Rodney Barreto, the longtime chairman of South Florida’s Super Bowl committee, said both events could coexist on one weekend. And with the NFL expected to bring extra hype to the host of the 50th Super Bowl in 2016, he said that game in particular is worth the effort.
Barreto said the NFL is requiring Presidents’ Day weekend as part of the Super Bowl bid, but Talbert, the Greater Miami tourism director, said the league’s language seemed to allow pursuing only two of three proposed dates. An NFL spokesman was not available for comment Friday.
While the boat show also takes place in downtown Miami, the expo’s largest event is at the Miami Beach Convention Center. Barreto envisions a Presidents’ Day Super Bowl steering clear of South Beach in favor of the Miami mainland and, perhaps, Broward. He noted that while the host committee balked at hosting a Presidents’ Day Super Bowl in past years, Miami now can offer the NFL Marlins Park and a Miami Art Museum for Super Bowl needs.
If more space is needed, organizers could set up tents outside AmericanAirlines Arena or even bring in barges to accommodate the events, Barreto said.
“The potential is wide,” Barreto said. “And by the way, having the boat show in town during Super Bowl weekend — what an incredible weekend. You give people something else to do.”
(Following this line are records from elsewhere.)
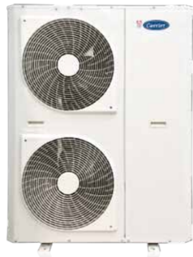
5~10HP 转子压缩机 单压缩机 双风扇
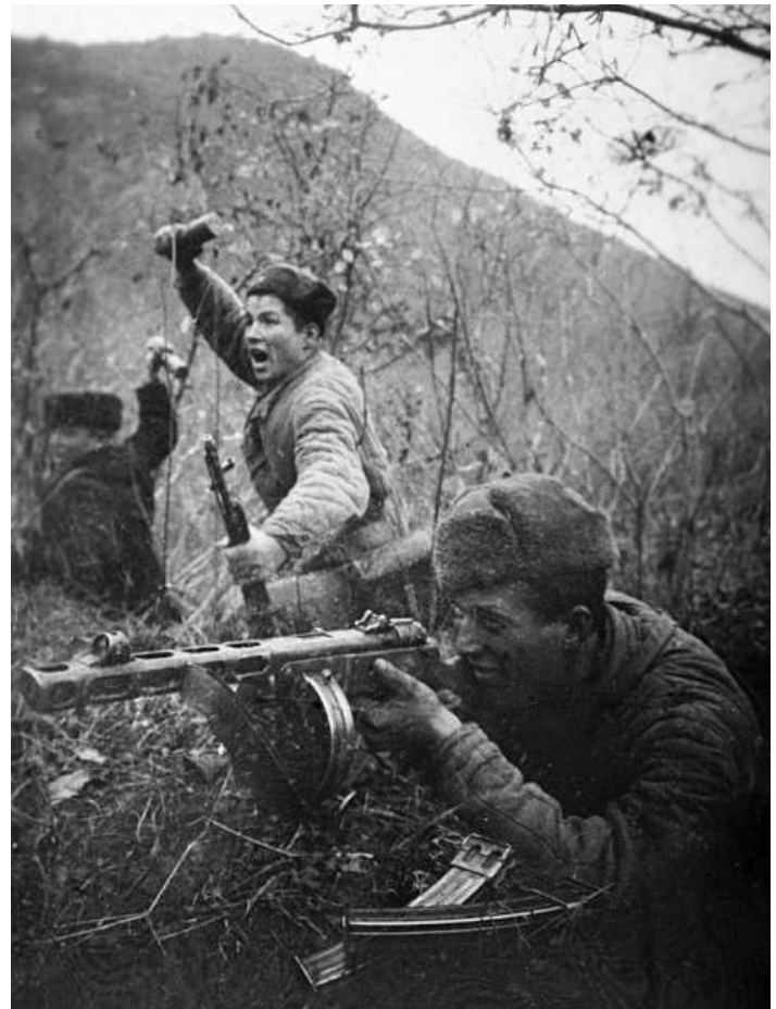
Морские пехотинцы в боях под Туапсе. Сентябрь 1942 года.

Из воспоминаний Маршала Советского Союза А. А. Гречко.
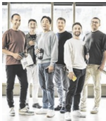
Königlich Die bekannten King's Singers gastieren auf Einladung des Kulturvereins Grein auf Schloss Greinburg. Seite 31/ F: Ealovega
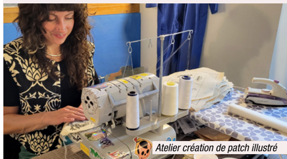
Atelier création de patch illustré
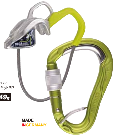
メガジュル ビレーキットBP 149g

ブレーキアシスト機能がより安全なビレーイングを実現する。ステンレススチール製。軽量で耐久性がある。セカンドビレー、懸垂下降にも対応する。●重さ/65g●適応ロープ径/φ7.8~10.5 (mm)

The last time the Super Bowl came to South Florida, in 2010, the media and NFL headquarters were in Broward. That was in part because the boat show was setting up in the Miami Beach Convention Center due to a quirk in the calendar that brought the events closer to each other than usual.
South Florida could reproduce that arrangement in 2016 or 2017, but a Fort Lauderdale-centered Super Bowl would touch a nerve after Broward commissioners last year voted against spending tax dollars on a Sun Life renovation. Still, the conflict gives Broward an opportunity to claim an even bigger chunk of the business, since its top hotels get almost no bookings from the Miami boat show while Miami-Dade’s beachfront hotels are booked solid.
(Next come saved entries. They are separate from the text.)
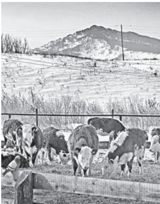
Вдали легендарный Бабьегран.

Сам он родом из Новосибирской области, но после того как выучился в Алтайском аграрном университете на зоотехника, остался в крае да так и прирос к нашим местам. Несколько лет работал в разных хозяйствах по специальности, потом в бизнесе. И вот в 2014 году решил заняться откормом мясного скота. Привел в порядок заброшенную на окраине села ферму, закупил в СПК «Шульгинский» и в хозяйствах Республики Алтай около сотни бычков помеси герфордов и казахской белоголовой, и дело потихоньку пошло. Покупаешь полугодичного теленка килограммов двести, через год он уже перевалил за четырехста. Можно реализовывать на мясо.
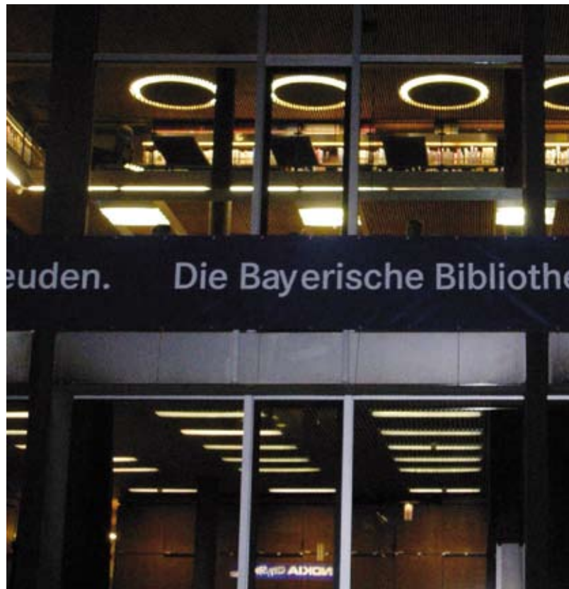
Außenwerbung am Germanischen Nationalmuseum
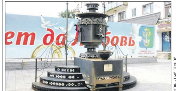
Нижнетуринский самовар был популярным местом для уличных мероприятий и свадебных фотосессий

Пропавший самовар в Нижней Туре, полтора миллиона рублей за привлек, фейковый аккаунт мэра Новоуральска... С этого номера «Облгазета» начинает публиковать подборку самых интересных новостей в уральских территориях.
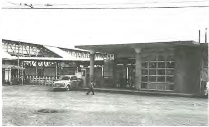
昭和31年、開設されたころの柏駅西口

“Broward County’s venues are available for all of three of those weekends,” Grossman said. “The difference is Broward’s experience would be a beach and oceanfront experience.”
In recent months, Super Bowl organizers approached the boat show about moving to another weekend, but so far both sides say that doesn’t seem to be a possibility.
The show, which debuted in 1941 and says it attracts roughly 90,000 visitors, does not want to share Miami with the NFL. Cathy Rick-Joule, the show’s director, said attendance will likely drop if vendors and buyers must contend with Super Bowl room rates during boat show weekend.
“It’s going to be a huge burden then. I would suspect it’s going to be a big turn-off,” she said. “A lot of our mom-and-pop [exhibitors] are a two- or three-person outfit. They can’t justify spending two or three nights in a hotel for those rates.”